Can Antigua learn from Leeds?
It is just ironic when Virat Kohli and the entire Indian team stood up to applaud for Hanuma Vihari when Ben Stokes was orchestrating one of the greatest Test run-chases ever. Throw away the convenient vantage point, the contrast between both the Tests don’t even need to be judged. It is as clear as daylight. While Leeds was a spectacle for more reasons than one - for the context of it and what had happened there - the Antigua Test was pale in comparison. If by any means, both the teams manage to catch up with the highlights of the game, the clear contrast would be understandable. However, blaming the teams solely would be like blaming Katrina Kaif and sparing Salman Khan for the failure of Bharat.
At a time Test cricket has failed to garner any audience outside England and Australia - Windies went back to their model of 2016 and dished out a boring wicket for the first Test. The flattened out condition, even on the fourth day, was the last thing a Test match wanted as the teams were playing to blunt out deliveries, which even forced Virat Kohli to sledge, “Why don't you move the game along? You are playing at home. Not in India.”
However, the condition could be easily attributed to what happened in February against England. The stadium received one demerit point after being deemed to be "below average" by ICC and that must have propelled the Windies curators to go defensive. Nothing else stands with the logic as India have better players in all three departments, and a flat deck was not going to help Windies’ cause in any way too. Therein lies a lesson for the curators to prepare a better deck for the Test matches, and at the same time, the teams need to move away from the cocoon to make the game more interesting.
Bumrah and the ability to stay within the line
Much of Jasprit Bumrah’s success was based on the simple formula of exploiting his terrific speed by bowling in an aggressive manner on a full-length. By pushing his length right up, he targets the stumps and as a result, he gets benefited from his pace and movement. While length is something that comes naturally to him, he at times loses control over his line which was shown in the first innings of this Test.
However, what he pulled off today was nothing less than extraordinary against a batting line up that had more mental battle to do than attrition in Test cricket against the very best. When India took the new ball, Bumrah was on point when it came to controlling the swing and dictating the course of the game. There too, with India having an off-side dominated field and in all honesty, Windies batsmen seeming all over the place in their defense, Bumrah just had a day to remember at the Sir Vivian Richards Ground in Antigua.
Understanding the wicket didn’t have anything for him, he focused on bringing his ODI modus operandi to the fore and when he unleashed those inswingers to the right-handers, it became so difficult for the batsman to know whether to play or leave and with the game progressed he increased the number of incoming deliveries, forcing the batsmen to throw bat around. 15/5 happened soon enough and Windies just gifted 60 Championship points to India.
Shai Hope - excellent in ODIs but does he fit into the Test team?

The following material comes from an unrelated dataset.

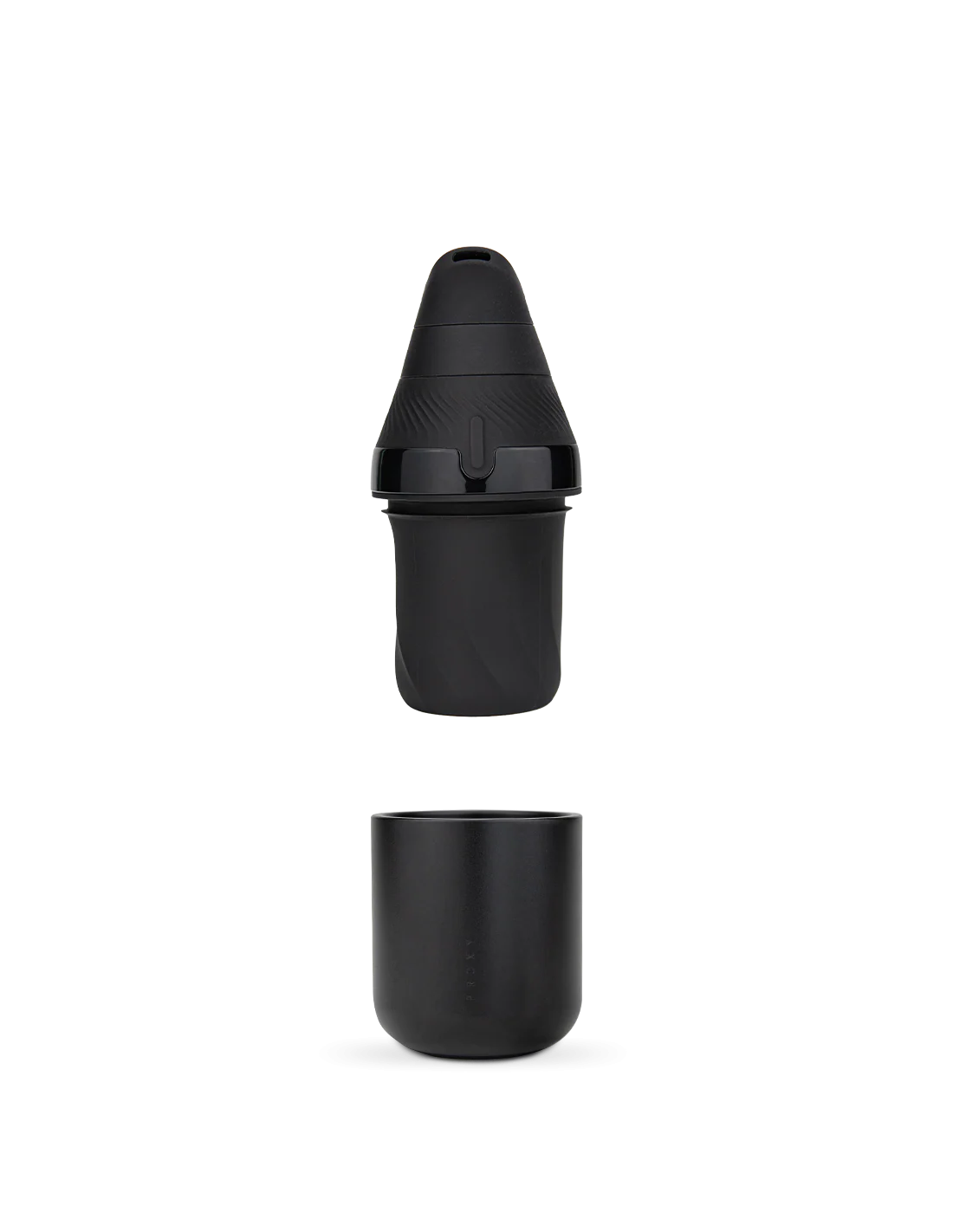 El flujo de aire circula únicamente por la cámara y la boquilla, sin contacto con el cup.

Shai Hope is probably the most complete ODI batsman in the Windies side and the way he constructs an innings is quite anti-Caribbean as well - a throwback to the 90s cricket but his average of 48 runs is often thrown into the discussion. Another problem that has encrypted into Hope’s repertoire is inconsistency which, along with killing his instinct in ODIs, is sending wrong vibes in the Test format as well.
After he had one hell of a year in 2017, where his twin centuries at Headingley brought a historic win for the Windies, Hope has been ordinary in red-ball cricket, with only two fifty-plus scores to his name in the last two years. After Windies decided to leave out Shane Dowrich, he has moved down the order and while that, in theory, should have helped the cause because of his affinity to score freely against the spinners, he has failed spectacularly.
Kraigg Brathwaite is now a veteran of 57 Tests, Shamarh Brooks has played 73 first-class matches, but Windies still bank on him to spearhead the middle-order. However, pretty much like Rahane - of course, ahead of the series - he has failed to take the encumbrance on his shoulder and that, in turn, has made him a waste in simple terms.